Supplied material:

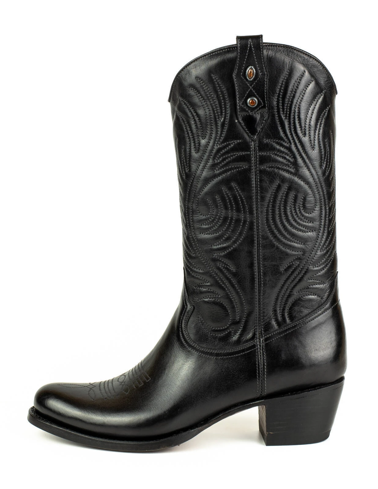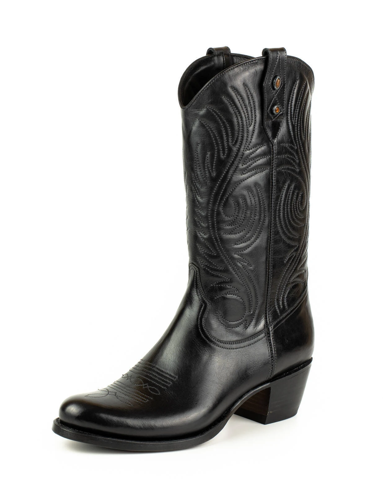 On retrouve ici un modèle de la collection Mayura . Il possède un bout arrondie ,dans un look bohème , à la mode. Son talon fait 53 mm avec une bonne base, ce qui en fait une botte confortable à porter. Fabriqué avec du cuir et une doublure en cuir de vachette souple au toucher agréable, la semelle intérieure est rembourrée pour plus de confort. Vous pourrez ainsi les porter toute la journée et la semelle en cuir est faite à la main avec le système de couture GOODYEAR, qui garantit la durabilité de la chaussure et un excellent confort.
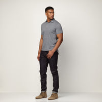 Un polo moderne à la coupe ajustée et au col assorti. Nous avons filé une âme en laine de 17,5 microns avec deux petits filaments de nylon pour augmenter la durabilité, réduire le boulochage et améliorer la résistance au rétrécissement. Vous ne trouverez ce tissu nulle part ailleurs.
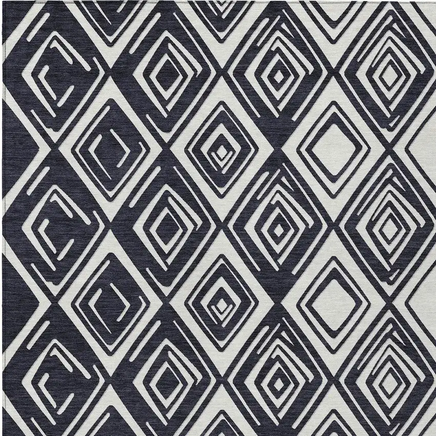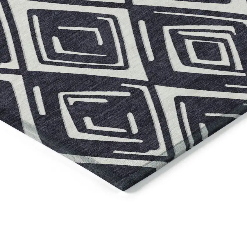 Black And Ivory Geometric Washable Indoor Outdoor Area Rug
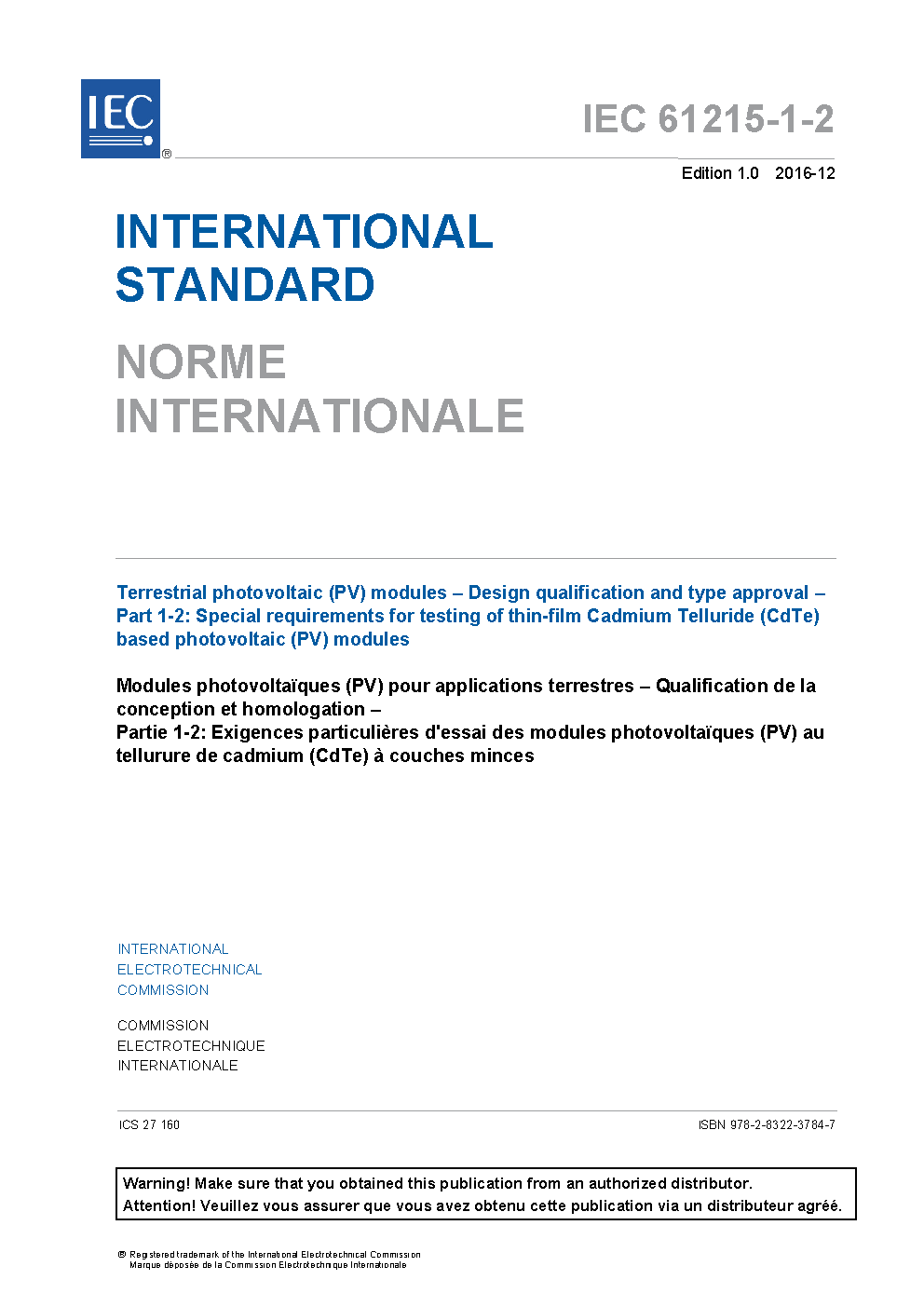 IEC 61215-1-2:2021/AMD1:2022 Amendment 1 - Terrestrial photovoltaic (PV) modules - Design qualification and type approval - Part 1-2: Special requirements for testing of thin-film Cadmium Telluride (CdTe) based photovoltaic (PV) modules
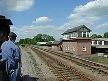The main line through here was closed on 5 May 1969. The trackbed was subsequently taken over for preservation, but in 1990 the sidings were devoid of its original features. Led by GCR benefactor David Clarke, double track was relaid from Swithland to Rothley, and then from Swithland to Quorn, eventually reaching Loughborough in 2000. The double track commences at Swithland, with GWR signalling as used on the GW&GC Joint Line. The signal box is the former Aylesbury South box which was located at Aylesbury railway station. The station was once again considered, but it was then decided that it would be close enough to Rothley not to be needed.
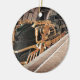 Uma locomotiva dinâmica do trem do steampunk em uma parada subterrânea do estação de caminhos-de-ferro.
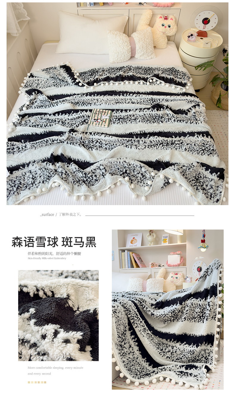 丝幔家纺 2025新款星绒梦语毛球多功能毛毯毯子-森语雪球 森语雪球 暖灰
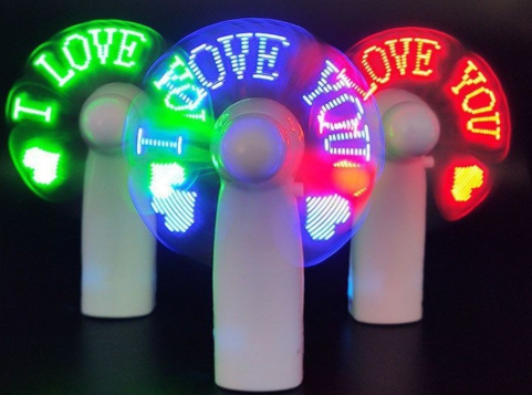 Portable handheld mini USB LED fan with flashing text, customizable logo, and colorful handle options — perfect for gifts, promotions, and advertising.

Problem statement: Could you repeat the listing above exactly, omitting its pictures?

Response below:
 On retrouve ici un modèle de la collection Mayura . Il possède un bout arrondie ,dans un look bohème , à la mode. Son talon fait 53 mm avec une bonne base, ce qui en fait une botte confortable à porter. Fabriqué avec du cuir et une doublure en cuir de vachette souple au toucher agréable, la semelle intérieure est rembourrée pour plus de confort. Vous pourrez ainsi les porter toute la journée et la semelle en cuir est faite à la main avec le système de couture GOODYEAR, qui garantit la durabilité de la chaussure et un excellent confort.
 Un polo moderne à la coupe ajustée et au col assorti. Nous avons filé une âme en laine de 17,5 microns avec deux petits filaments de nylon pour augmenter la durabilité, réduire le boulochage et améliorer la résistance au rétrécissement. Vous ne trouverez ce tissu nulle part ailleurs.
 Black And Ivory Geometric Washable Indoor Outdoor Area Rug
 IEC 61215-1-2:2021/AMD1:2022 Amendment 1 - Terrestrial photovoltaic (PV) modules - Design qualification and type approval - Part 1-2: Special requirements for testing of thin-film Cadmium Telluride (CdTe) based photovoltaic (PV) modules
The main line through here was closed on 5 May 1969. The trackbed was subsequently taken over for preservation, but in 1990 the sidings were devoid of its original features. Led by GCR benefactor David Clarke, double track was relaid from Swithland to Rothley, and then from Swithland to Quorn, eventually reaching Loughborough in 2000. The double track commences at Swithland, with GWR signalling as used on the GW&GC Joint Line. The signal box is the former Aylesbury South box which was located at Aylesbury railway station. The station was once again considered, but it was then decided that it would be close enough to Rothley not to be needed.
 Uma locomotiva dinâmica do trem do steampunk em uma parada subterrânea do estação de caminhos-de-ferro.
 丝幔家纺 2025新款星绒梦语毛球多功能毛毯毯子-森语雪球 森语雪球 暖灰
 Portable handheld mini USB LED fan with flashing text, customizable logo, and colorful handle options — perfect for gifts, promotions, and advertising.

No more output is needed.